### Assignment
Only the lines from the one that contains "Donker café met" through the last line of the data below should be duplicated, exactly and without pictures.

[Records excerpted from a collection]
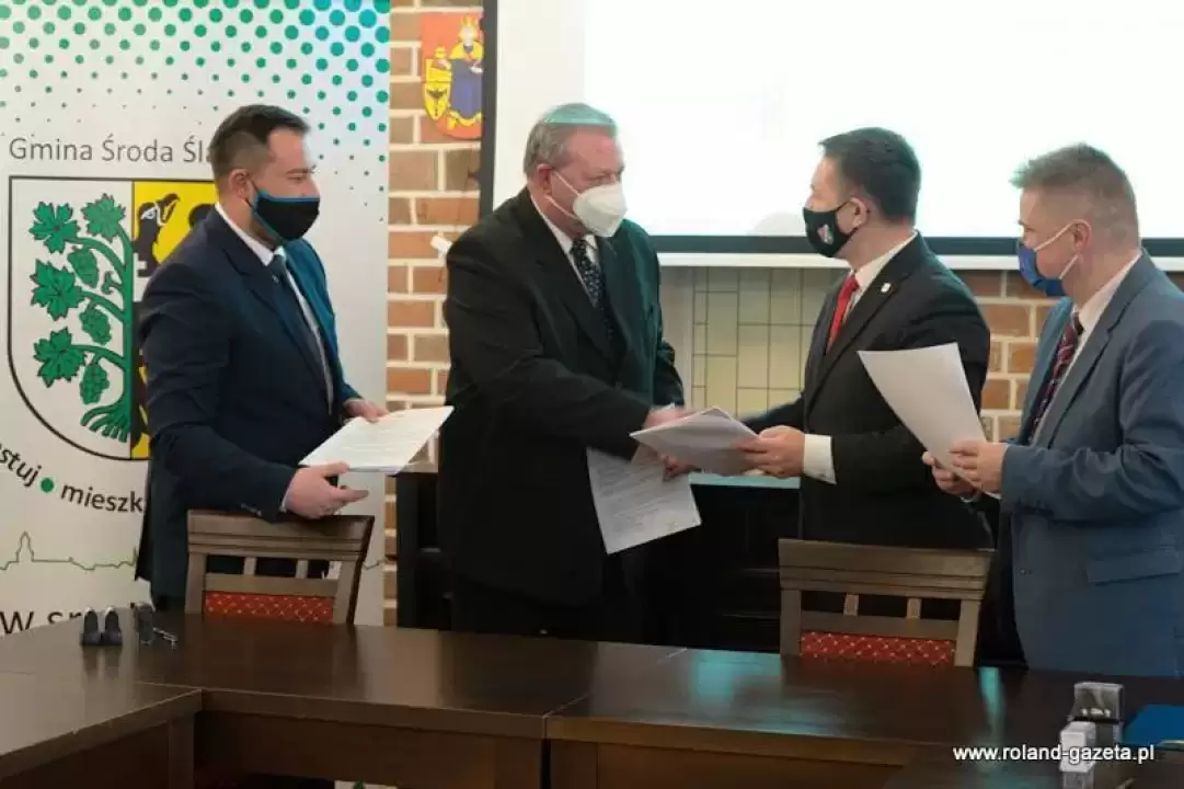 2 lutego w sali sesyjnej Rady Miejskiej w Środzie Śląskiej burmistrz Adam Ruciński i skarbnik Radosław Śliwa podpisali z właścicielami lokalnej firmy budowlanej KIZ s.c. Krzysztofem Staśko i Aleksandrem Staśko kontrakt na budowę Średzkiego Inkubatora Przedsiębiorczości (ŚIP) ze środków Unii Europejskiej.
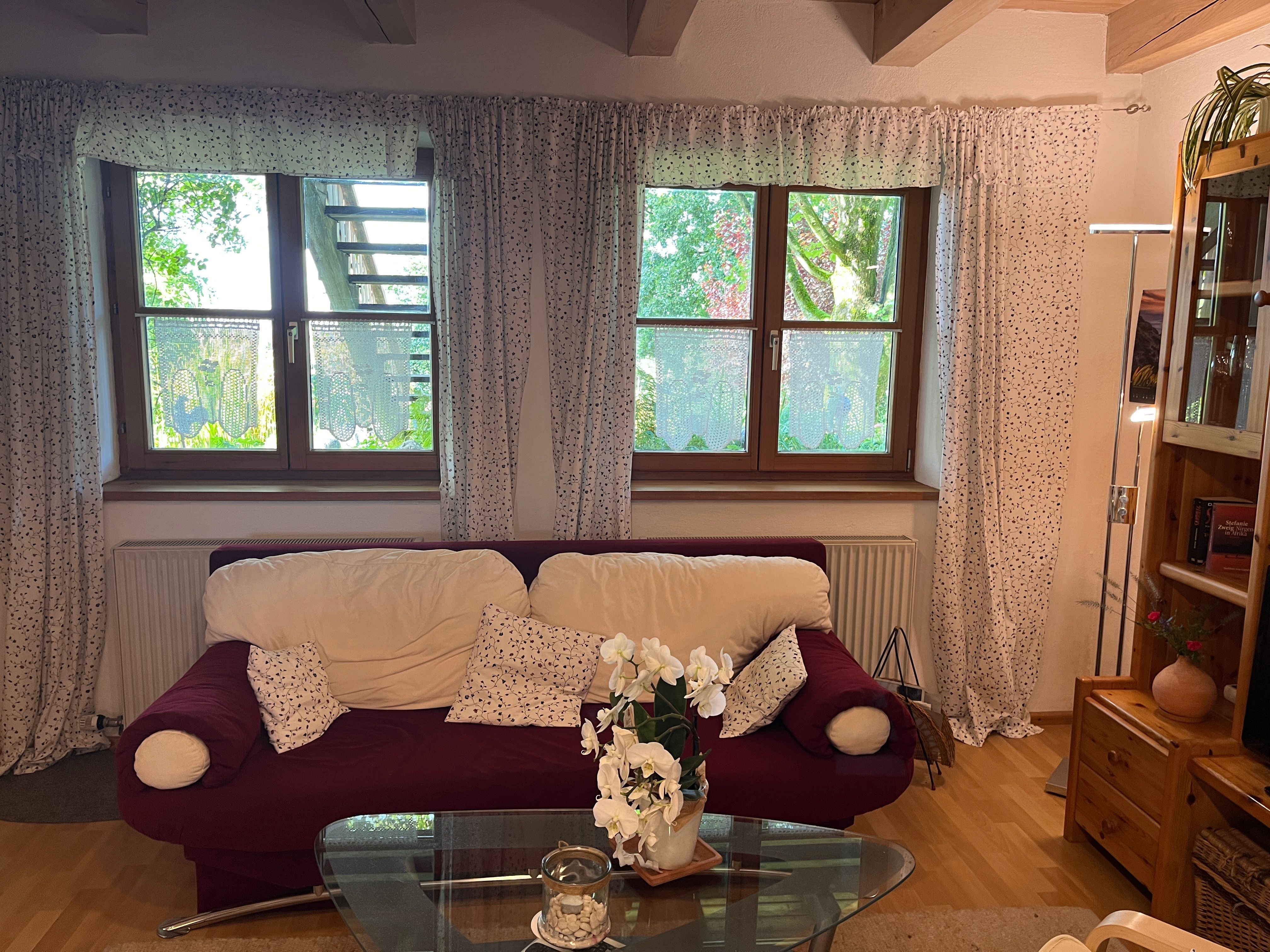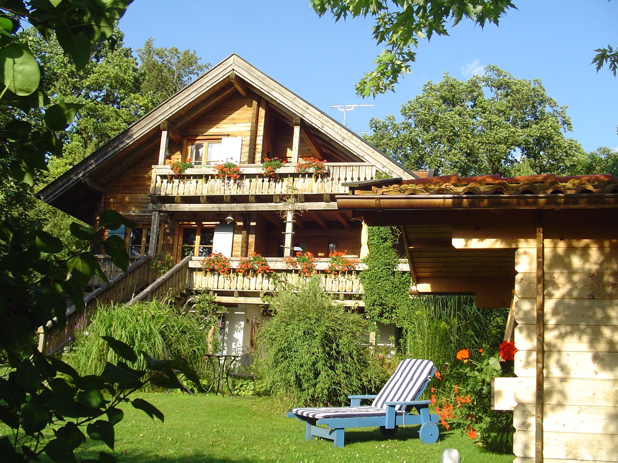 Das 45qm große geräumige Ferienappartement liegt idyllisch am Ortsrand von Grafrath im Landkreis Fürstenfeldbruck und befindet sich in einem bayrischen Holzblockhaus. Rund um das Blockhaus mit seiner besonderen Atmosphäre erwartet Sie ein Gartenidyll mit Teich und grünen Oasen zwischen Blumen, Bäumen und hohen Gräsern. Von der Ferienwohnung haben Sie direkten Zugang zu diesem Bereich.
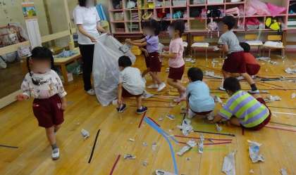 4歳児 新聞紙で遊んだよ 公開日 2022/06/15 更新日 2022/06/15 幼稚園日記 今日は、新聞紙で忍者の修行をしました。 新聞紙の布団をかけて・・・ 「かくれんぼの術!」 新聞紙をビリビリ破ると・・・ 「引っ張って破ったら、びっくりする音(『パンッ』という音)がするよ!」 「お米くらい、小さくちぎれるかな」 また今度、修行をするので、大きな袋に新聞紙を入れて・・・ 「お片付けの術!」 いいね(0)
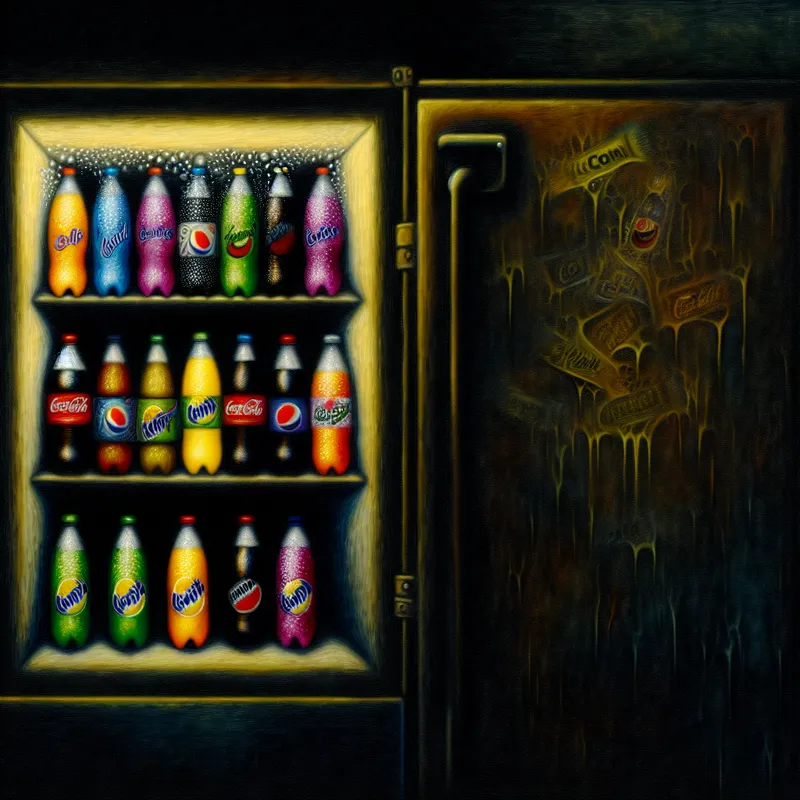 Donker café met geopende koelkast vol glinsterende frisdranken zoals cola, sinas en citroenlimonade, druppels condens benadrukken de verfrissende kou
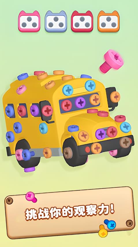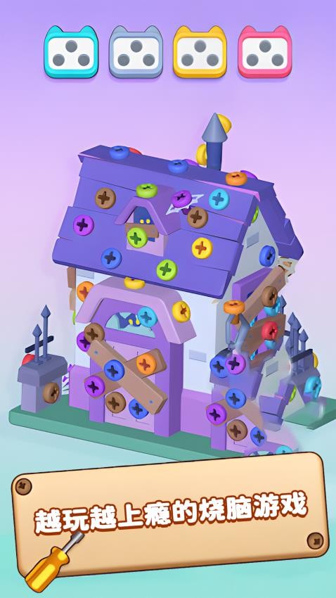 2、游戏中的螺丝非常多,提供多种颜色效果,可以按照颜色拆除螺丝

### Result
 Donker café met geopende koelkast vol glinsterende frisdranken zoals cola, sinas en citroenlimonade, druppels condens benadrukken de verfrissende kou
 2、游戏中的螺丝非常多,提供多种颜色效果,可以按照颜色拆除螺丝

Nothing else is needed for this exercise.